Rick Perry’s tough guy challenge for Donald Trump
The cryptocurrency community has latched on to Perry’s “regulatory breathing room” comment, calling it a confirmation of his support for bitcoin.
This is the tough-talking Texan Governor Rick Perry, a Republican running for President, not liberal Massachusetts Sen. In an extensive critique, Perry linked the 2008 housing collapse to Bill Clinton’s efforts to expand the ranks of homeowners in the United States.
The speech, held at the ritzy Yale Club in Manhattan, featured a few of Perry’s most populist language since he launched his campaign.
Many Americans think “the game is rigged”, he said. But instead of them being punished, he said, “it was the average American who paid a tremendous price”, by way of a bailout of big banks.
“I am exhausted of politicians bashing Wall Street while ignoring the sins of Washington, D.C.”, Perry said. “The roots of the financial crisis can be traced to the 1990s”.
Perry’s also looked to nudge up his national poll numbers with a steady stream of cable TV appearances, majority on Fox News. Hillary Clinton was a U.S. senator for the state of New York from 2001 to 2009.
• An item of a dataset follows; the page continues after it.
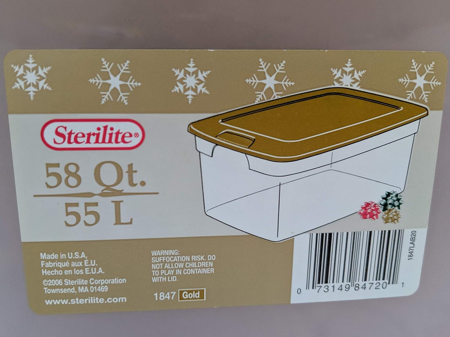 Amazon Com Sterilite 58 Quart Holiday Ornament Storage Bin Gold

“Democrats have a 1915 view of the 2015 economy”, Perry said, accusing them of building a costly “toll bridge to the 21st Century”. Elizabeth Warren, the creator of the Consumer Financial Protection Bureau and fierce advocate for Wall Street regulation.
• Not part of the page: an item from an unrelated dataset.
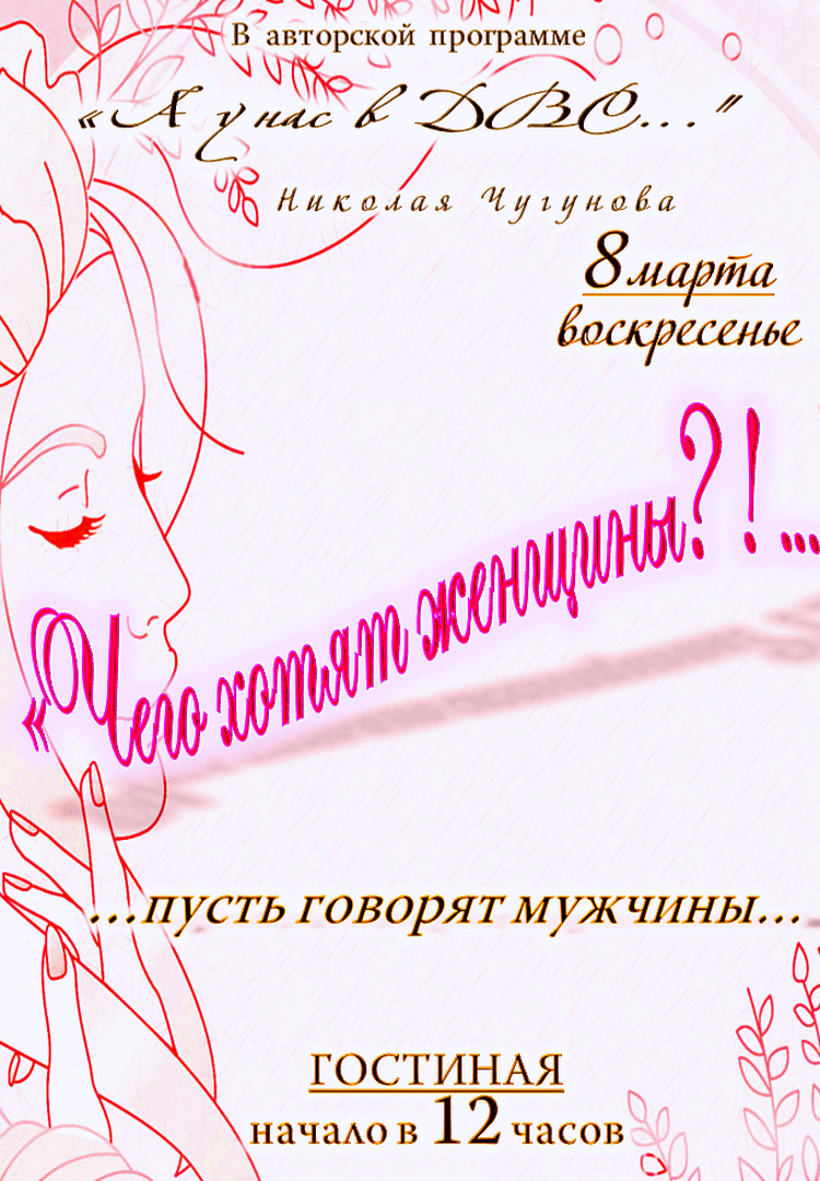 "Чего хотят женщины?!... 08.03.2026 Время: 12:00 Адрес: г. Москва, шоссе Энтузиастов, д. 88, Гостиная

Perry also said education and tax policies improved in Texas during his tenure.
Perry attacked Bush for not doing more as Florida governor to prevent the housing crash.
For Perry especially, the polling could endanger his highest-profile opportunity yet to show off what he has been telling everyone who will listen over the past several months: He is not the Rick Perry of the 2012 race.
Perry’s speech was organized by the Committee to Unleash Prosperity, a group of conservative economists long supportive of the former governor.
So while Perry might have been playing well to the moderates and carving out a niche identity as a relatively reasonable GOP candidate, that’s simply not the way to get any traction in the GOP race these days.